Des exemples de scandales sont donnés comme celui de l’affaire du bus 103 Tel-Aviv/Ashkelon, en 1984, détourné vers Gaza par des Palestiniens et intercepté par des soldats israéliens. Deux des quatre terroristes sont lynchés à mort par les soldats sur place. Avraham Shalom, chef du Shin Beth, est forcé de démissionner.
Le Shin Beth est également accusé de négligence, voire de complaisance, lors de l’assassinat de Rabin en 1995*.
A d’autres moments est montrée l’inefficacité couplée à l’immoralité de certaines opérations comme l’échec de l’assassinat ciblé de 12 chefs du Hamas, en 2003. Faut-il seulement tuer les meurtriers terroristes, s’interroge Avi Dichter, ou aussi ceux qui les aident, les préparent ou distillent idéologiquement le terrorisme?
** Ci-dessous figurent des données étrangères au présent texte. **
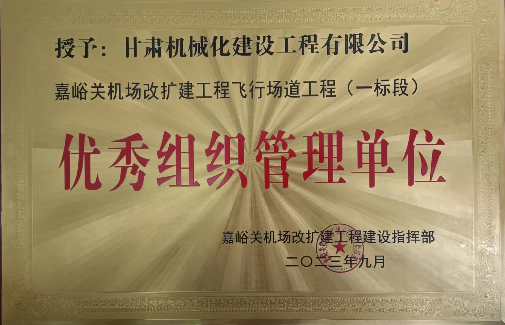 近日,嘉峪關(guān)機(jī)場(chǎng)改擴(kuò)建工程建設(shè)指揮部對(duì)在嘉峪關(guān)酒泉機(jī)場(chǎng)改擴(kuò)建工程中作出重要貢獻(xiàn)的參建單位給予通報(bào)表彰,公司榮獲“嘉峪關(guān)機(jī)場(chǎng)改擴(kuò)建工程飛行場(chǎng)道工程 (一標(biāo)段)優(yōu)秀組織管理單位”稱號(hào),徐栓紅同志被授予“優(yōu)秀技術(shù)負(fù)責(zé)人榮譽(yù)稱號(hào)”。?

D’autres questions de fond sont abordées par les six protagonistes, et non des moindres.
Quelles sont les limites des méthodes d’interrogatoire dans une démocratie qui a signé la convention de l’ONU contre la torture en 1991? Un état démocratique peut-il tuer légalement pour protéger ses citoyens? Et qui est responsable en dernier ressort? A ce sujet les six intervenants sont tous d’accord pour exprimer leur extrême défiance vis-à-vis des politiques de tous bords (sauf envers Rabin) qui, pour préserver leur poste ou éviter une crise gouvernementale grave, se sont toujours défaussés sur le Shin Beth alors que les ordres pour des opérations quasi illégales viennent précisément du Premier ministre. Les chefs du Shin Beth expriment unanimement leur sentiment d’abandon, leur profonde solitude. Même après les accords d’Oslo (1993) les opérations de prévention des attentats continuent, ce qui fait dire à Rabin :  » Il faut lutter contre le terrorisme comme s’il n’y avait pas de processus de paix, et poursuivre le processus de paix comme s’il n’y avait pas de terrorisme ».
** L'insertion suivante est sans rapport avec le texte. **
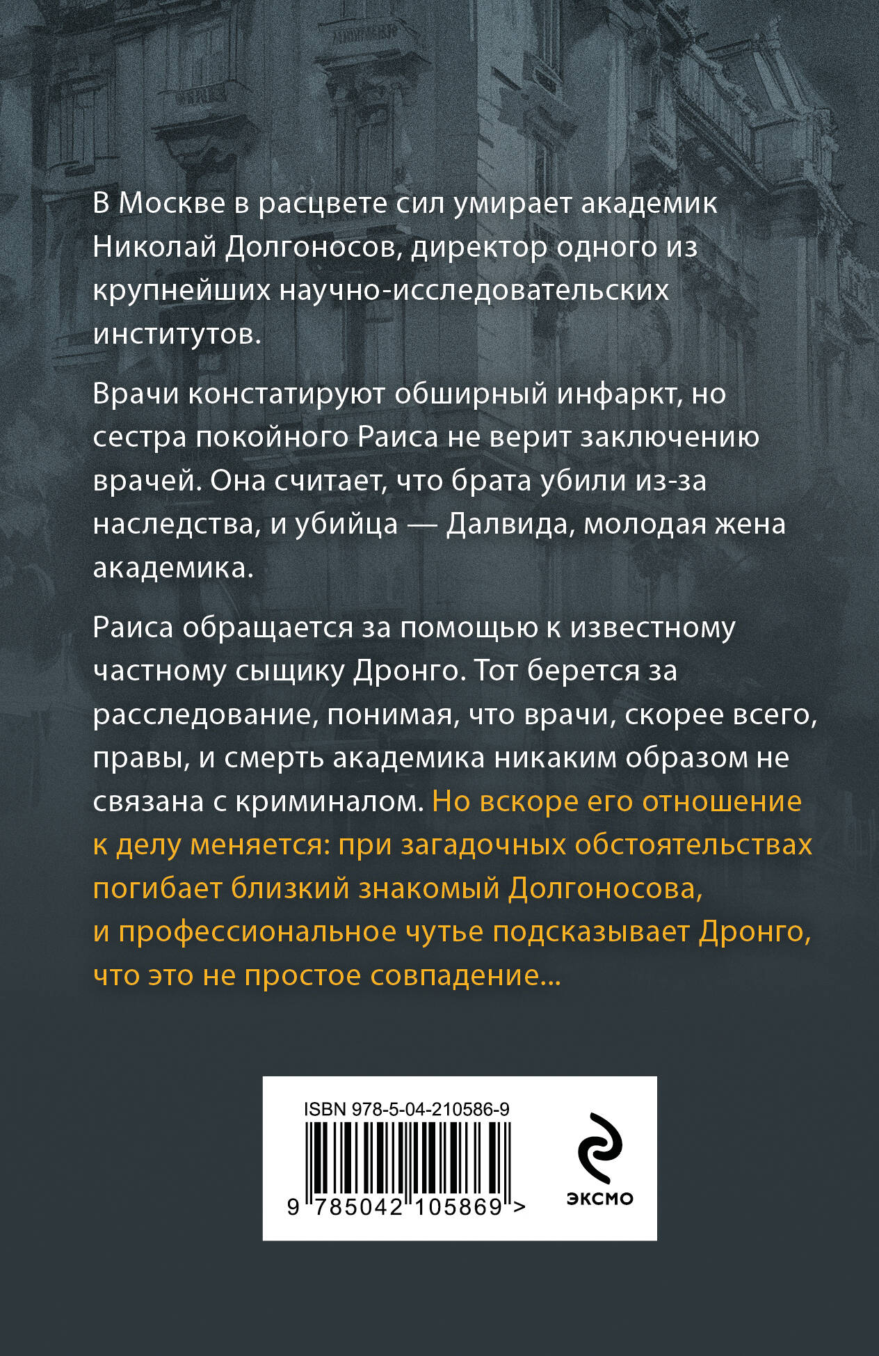 В Москве в расцвете сил умирает академик Николай Долгоносов, директор одного из крупнейших научно-исследовательских институтов. Врачи констатируют обширный инфаркт, но сестра покойного Раиса не верит заключению врачей. Она считает, что брата убили из-за наследства, и убийца - Далвида, молодая жена академика. Раиса обращается за помощью к известному частному сыщику Дронго. Тот берется за расследование, понимая, что врачи, скорее всего, правы и смерть академика никаким образом не связана с криминалом. Но вскоре его отношение к делу меняется: при загадочных обстоятельствах погибает близкий знакомый Долгоносова, и профессиональное чутье подсказывает Дронго, что это не простое совпадение...| Издательство | ООО "Издательство "Эксмо" |

On voit aussi que dès 1978 une autre lutte s’est engagée contre des religieux juifs d’extrême droite qui préparaient un attentat contre la mosquée du Dôme sur la fameuse esplanade de Jérusalem. Le Shin Beth empêche à temps cet attentat comme il empêchera dans les années 90 un attentat contre plusieurs bus palestiniens. Mais les ex-dirigeants déplorent qu’une fois arrêtés, les responsables de ces mouvements clandestins israéliens même condamnés lourdement, soient relâchés rapidement et qu’ils fomentent aussitôt d’autres actions. Le Shin Beth s’en trouve délégitimé.
L’assassinat de Rabin par Igal Amir marque un tournant, disent-ils, dans l’histoire israélienne. Ils n’avaient pas senti venir cette énorme fracture dans le pays. « Qui voulons-nous être en vivant ici? », se demande Ami Ayalon. C’est un tournant également dans l’histoire du Shin Beth qui analyse ses failles et son manque de dialogue avec les services de sécurité palestiniens. En fait les deux peuples s’infligent des souffrances réciproques et plus personne ne veut la paix.
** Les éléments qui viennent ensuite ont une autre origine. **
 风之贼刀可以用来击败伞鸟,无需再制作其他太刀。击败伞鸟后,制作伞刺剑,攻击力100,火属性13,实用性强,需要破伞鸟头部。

A la fin du film ils sont encore d’accord pour dire qu’une paix se construit non dans la violence mais dans des relations de confiance qui doivent primer sur le militaire. Il faut dialoguer avec tous les ennemis d’Israël. Mais le futur leur paraît sombre en raison de la droitisation de la société et des gouvernements. Sous prétexte de lutter contre le terrorisme nous avons établi une situation politique intenable. Or, selon Clausewitz*, « la victoire est la capacité de créer une situation politique meilleure ». Ce qui n’a pas été fait. Israël gagne les batailles mais pas la guerre.
Yaakov Peri a une parole des plus paradoxale et étonnante : « Quand tu quittes le Shin Beth, tu deviens un peu gauchiste* ». Tandis qu’Avraham Shalom et Yuval Diskin citent et approuvent un opposant à la colonisation en 1948, Yeshua Leibowitz : « Israël deviendra un Etat Shin Beth en administrant autoritairement une population hostile d’un million d’étrangers ».

Ce documentaire incroyable a été nominé aux Oscars en 2013 et a rencontré un immense succès en Israël. Sauf auprès des membres du gouvernement Netanyaou qui l’ont trouvé « tendancieux ».
Inspiré par le documentaire américain The Fog of war* (Brumes de guerre) d’Errol Morris, ce film audacieux, à travers les interviews et le choix des archives, se révèle être un pamphlet contre la politique d’occupation par ceux qui précisément étaient chargés de la mener à bien.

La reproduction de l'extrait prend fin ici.